Some in the Republican party in the city of St. Louis are hoping the candidacy of Andrew Jones, an African American utility company executive, will cause other African Americans to rethink their allegiance to the Democratic party.

Long time Republican James Hill is also African American. He says Jones’ run was a good thing, because there hasn’t been a contested Republican primary for mayor in nearly two decades.

“I have friends who are Africans Americans whose elected official is Democrat, and they tell me that they feel they aren’t part of the Democrat party, and they say how they go out and work hard everyday and they tell me all the time they get no respect,” he says.

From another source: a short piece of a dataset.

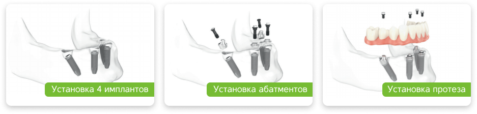 Здесь важно понимать, что сама протезная конструкция опирается не на слизистую и не на лунки удаленных зубов, а на имплантаты, поэтому привычной для съемных протезов нагрузки на десну в этой ситуации нет.

He says Republicans aren’t all bad and Democrats aren’t all good, but Democrats have done a better job of getting their message into the black community. On the issues front, he believes African Americans over the age of 55 are pro police and want more security.

Hill also says he is getting more calls from African Americans in St. Louis telling him they’re really Republicans now, saying the change in leadership in the state has made them realize that it might be a good time to switch parties.

“A lot of African American have realized this, that Republicans are controlling the state of Missouri on the state level and also on the federal level, and so a lot of them are realizing that maybe this is a good time to change to be a Republican,” he says.

While many church leaders in African American communities are preaching responsibility and are anti abortion, he says they remain largely Democratic, but he believes they vote against their own best interests. The bottom line, he believes not just Andrew Jones candidacy but Republican leadership in the state may cause more African Americans to reconsider the Republican party.